In recent years, fireworks have been one of the leading causes of injuries serious enough to require hospital emergency room treatment. There were 12 documented injuries attributed to the misuse of fireworks in the State of Louisiana during the 2014 season thus far. Fireworks can result in severe burns, fractures, scars, lifelong disfigurement, or even death. The thousands of serious injuries each year typically harm the eyes, head, or hands and are mostly reported in states, such as Louisiana, where fireworks are legal. Even sparklers, which are considered by many to be harmless, can reach temperatures in excess of 1200 degrees Fahrenheit.
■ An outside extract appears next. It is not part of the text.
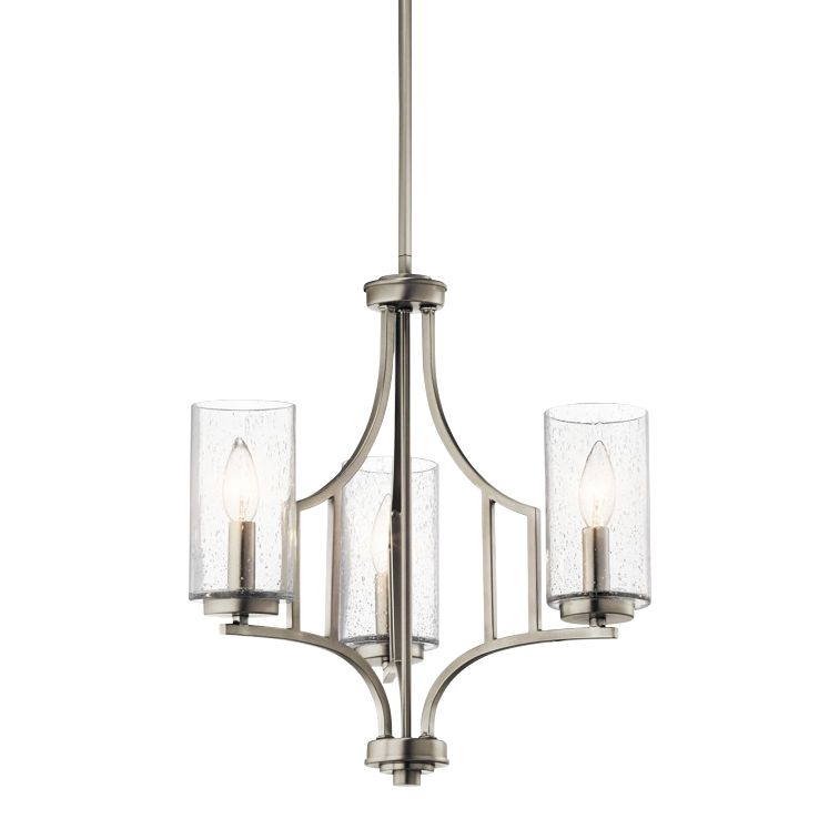This three-light steel chandelier by Kichler is give a lovely texture and personality from a brushed nickel finish. Its clear glass shades are subtly seeded to offer eye-catching detail. For convenience, it's sloped ceiling adaptable for reliability and versatility.

Wooded areas, homes, and even automobiles have become engulfed in flames because of fireworks. Firework-related fires have typically caused at least $27 million in property loss nationally (not adjusted for inflation) in recent years.

A substantial portion of the property loss is due to fireworks typically involving bottle rockets or other fireworks such as rockets/aerial devices. Rockets can land on rooftops or wedge within certain structures and still retain enough heat to cause a fire. Louisiana fire departments have reported 33 fires that have been caused by fireworks thus far in the 2014 season. “A family’s home represents the work of a lifetime,” said State Fire Marshal Browning. “Losing your home or having a family member seriously injured because of a fireworks accident would be disastrous.”

There are safer alternatives to using fireworks this holiday season, if the public wants an alternative. Public firework displays are one of those alternatives. These are conducted by trained and licensed professionals. They are the smartest and safest fireworks alternative for everyone. They are established under controlled settings and regulations. Clearly, fireworks are capable of devastating and fatal injuries.

Public displays (unless permitted through the Office of State Fire Marshal or local jurisdiction having authority to do so by this office) and retail sales are prohibited in the following parishes: St. Charles, Orleans, East Baton Rouge, and Terrebonne.

Concerning age requirements, Fire Marshal Browning advised that state law prohibits anyone from offering to sell or selling fireworks to any child under the age of fifteen (15). Fire Marshal Browning adds that parents may be held liable for any damages or injuries caused by their children’s illegal use of fireworks. He further advises that anyone found selling fireworks without a proper permit from the Office of the State Fire Marshal will be ordered to “cease and desist” operations until a proper permit has been obtained and properly posted. Browning stated that his deputies will be inspecting fireworks stands during the retail season to ensure they meet the minimum requirements for fire safety and registration.

Browning said, “Due to the fire hazard as well as the inherent risk of injury involved in fireworks, citizens are urged to use extreme caution when handling fireworks to ensure a safe, fire-free holiday. The few moments of pleasure consumer fireworks bring are not worth the risk of property loss, injury, or death. Avoid needless risks.”

“Let’s Work Together in Keeping Louisiana Safe!”